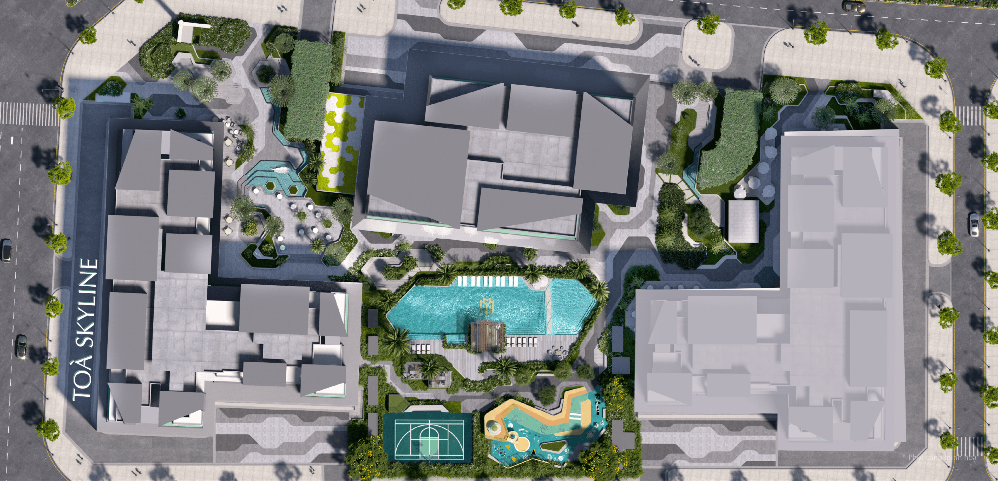 Dự án được quy hoạch với hệ thống tiện ích nội khu đồng bộ, đáp ứng trọn vẹn nhu cầu sống, nghỉ ngơi và giải trí của cư dân. Từ công viên cây xanh, khu thể thao đa năng, bể bơi, sân chơi trẻ em đến trung tâm thương mại, trường học, phòng gym – tất cả đều được bố trí hợp lý, dễ tiếp cận, mang đến cuộc sống tiện nghi và cân bằng mỗi ngày.
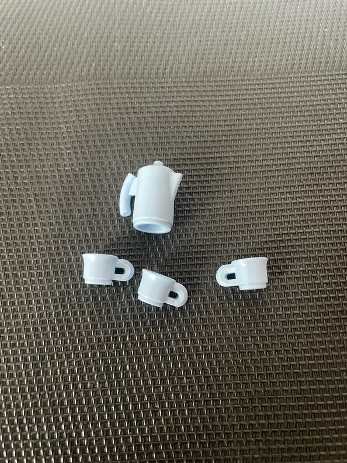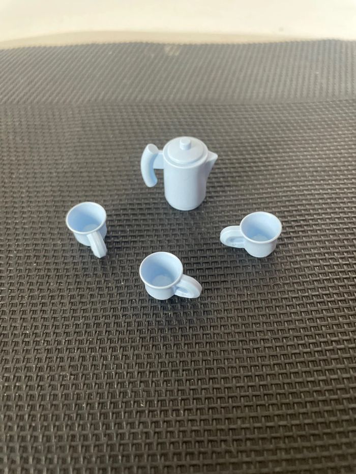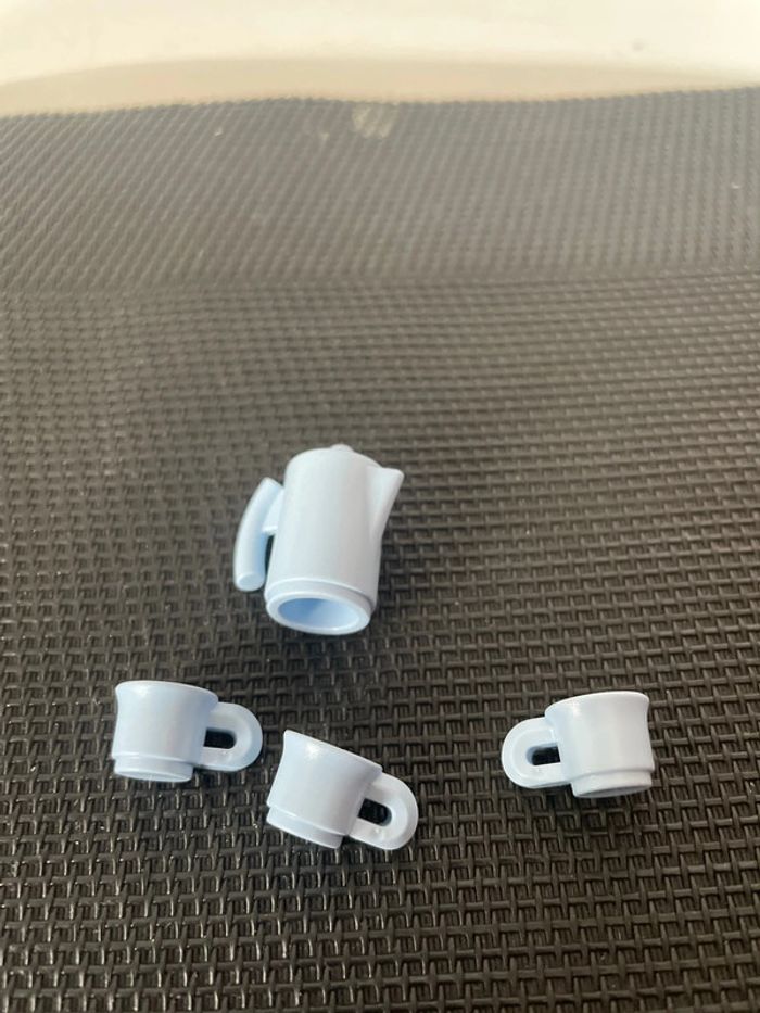 Playmobil lot vaisselle bleue claire 1 broc + 3 mugs tasses maison cuisine pièces détachées - photo numéro 3
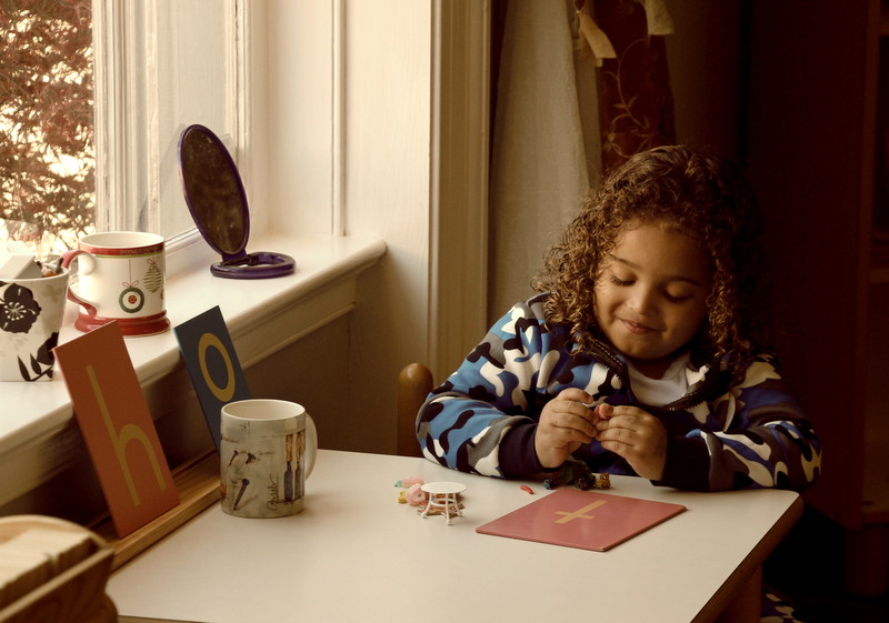 Beginning Sounds Memory Game. For students who already know a handful of beginning letter sounds, I like to play memory games with them as they are introduced to a few more letter sounds at a time. I like to lay out a few sets of imagery cards on the table, and the kids can rotate around the table like musical chairs to try to sort each set. How the activity works: Ahead of time, I have placed our wooden beginning sounds letters under each image, and then I sit down with a child and quickly go over the images and letter sounds with the student, asking them to repeat after me. Then, I mix up the letters in front of them and ask the child to see if they can remember the beginning sounds of each image and place them with the appropriate image. Sometimes kids also like to write out or trace the letters after they have done the matching.
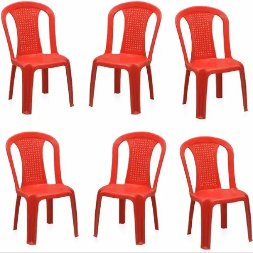 Green plastic chair without armrests, mid-back design. Weighs 3Kg, ideal for dining. Minimum order quantity of 10 pieces.
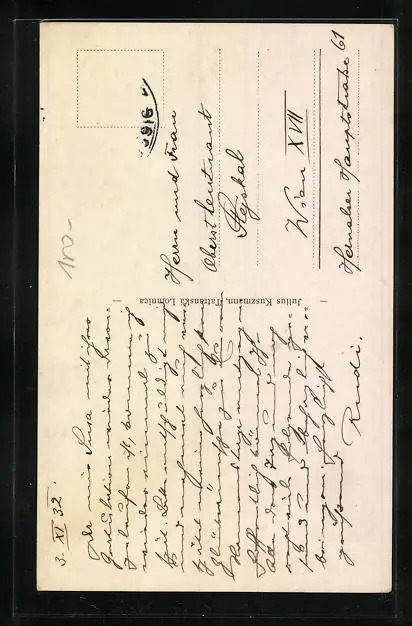 gelaufen 1932, Briefmarke entfernt, guter Zustand
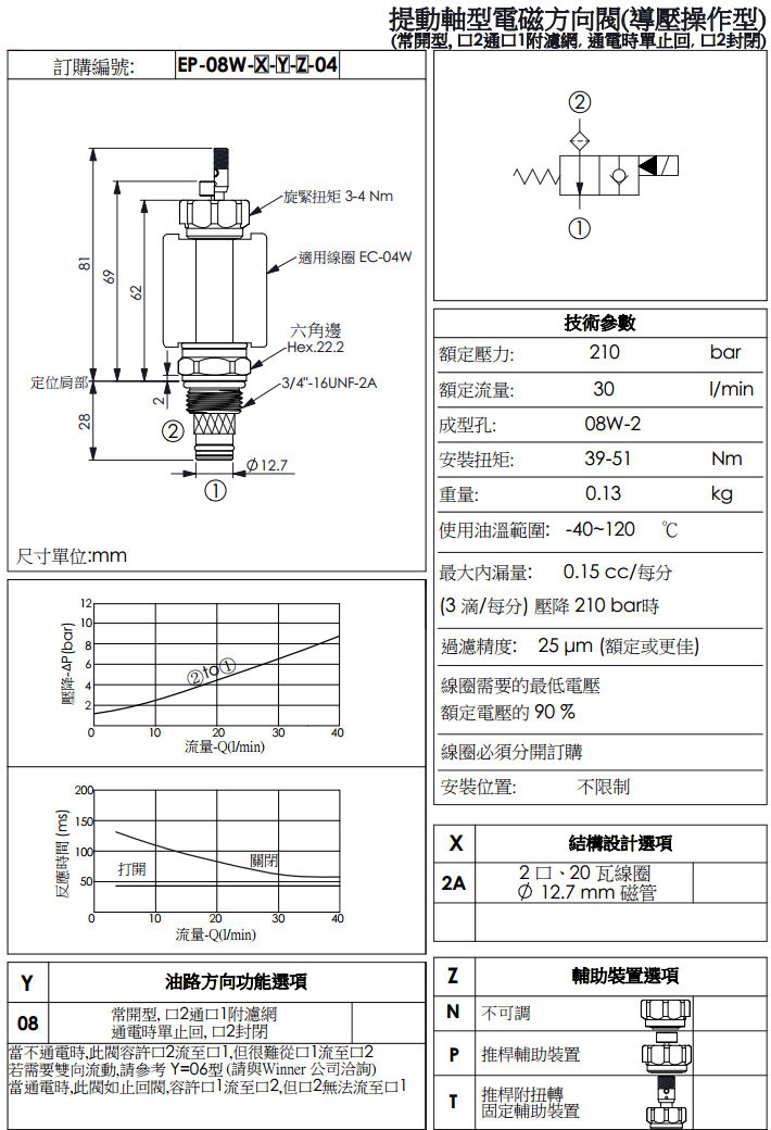 EP-08W-2A-08-N-04,EP-08W-2A-08-P-04,EP-08W-2A-08-T-04,winner提動(dòng)軸型電磁方向閥
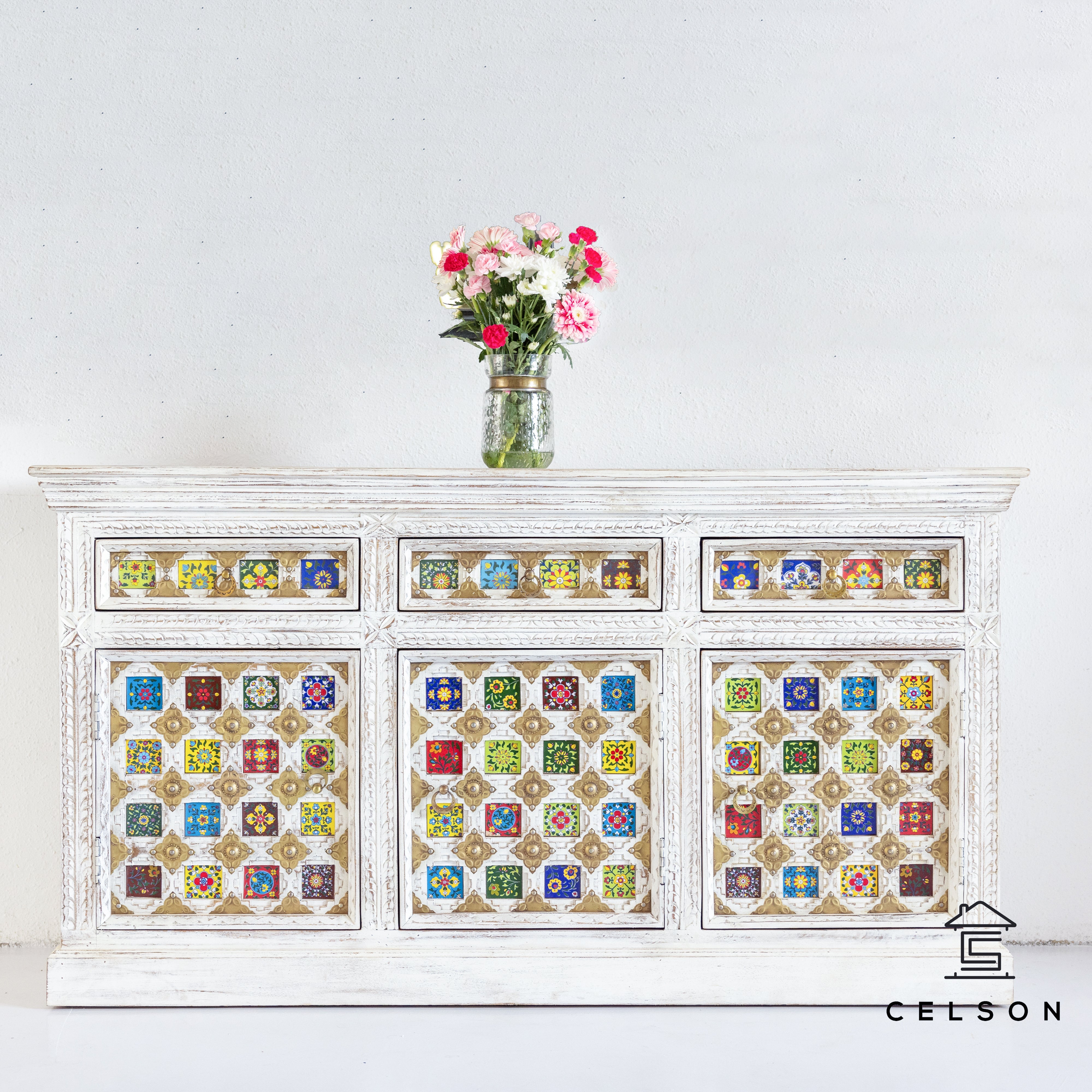Our 3 doors and 3 drawers gorgeous sideboard with multi color ceramic tiles, this beauty can be used in the dining area to store dinner ware and serve ware or in the bedroom to stores clothes & accessories or in the living room to store all your extra gadgets, books and stationery.
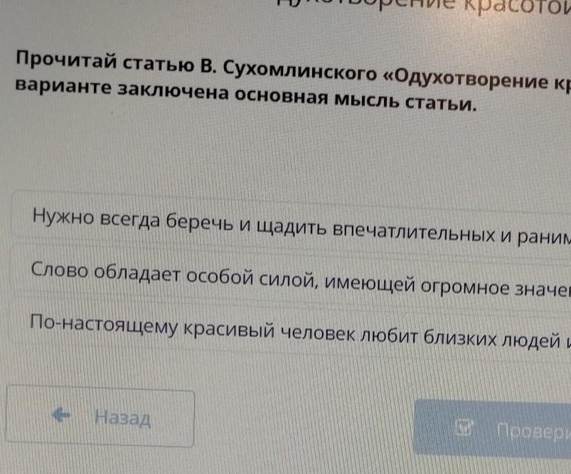 Прочитай статью В. Сухомлинского «Одухотворение красотой человеческого духа». Определи, в кан
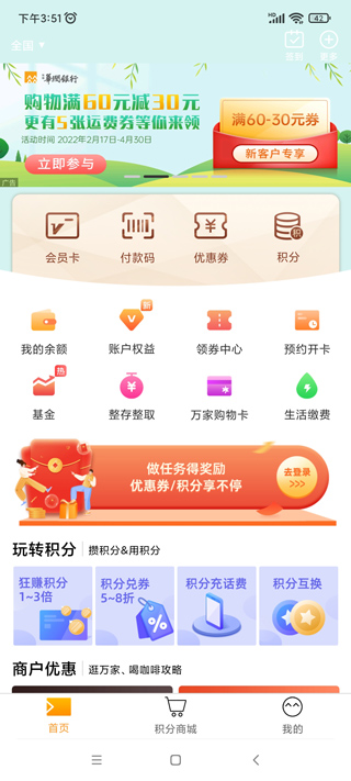 2、进入软件,在首页,有会员卡、付款码、优惠券、积分等,下方还可以查看余额、账户权益‘基金等;
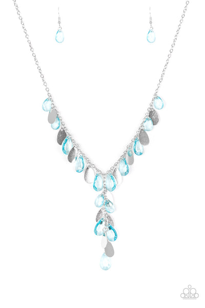 Flat silver teardrops and blue crystal-like teardrops swing from the bottom of a shimmery silver chain below the collar. A matching tassel swings from the center, creating a whimsical extended pendant. Features an adjustable clasp closure.
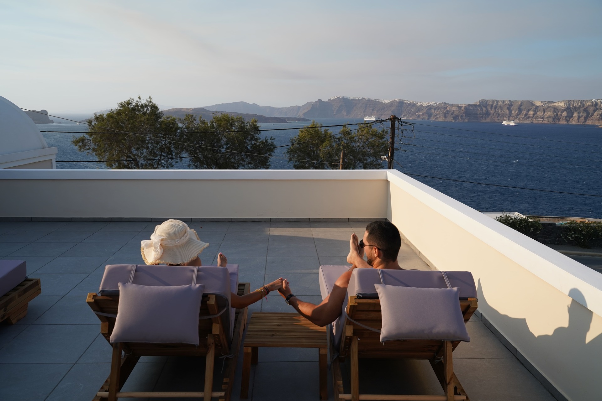 Outdoor peaks of The Noverian Bios, Caldera sunset suites:

========================

• [PROBLEM TO SOLVE]: Keep out the pictures, and copy exactly the lines from the one that contains "Flat silver teardrops" through the final line of the records above, both ends included.

• [FINAL ANSWER]:
 Flat silver teardrops and blue crystal-like teardrops swing from the bottom of a shimmery silver chain below the collar. A matching tassel swings from the center, creating a whimsical extended pendant. Features an adjustable clasp closure.
 Outdoor peaks of The Noverian Bios, Caldera sunset suites:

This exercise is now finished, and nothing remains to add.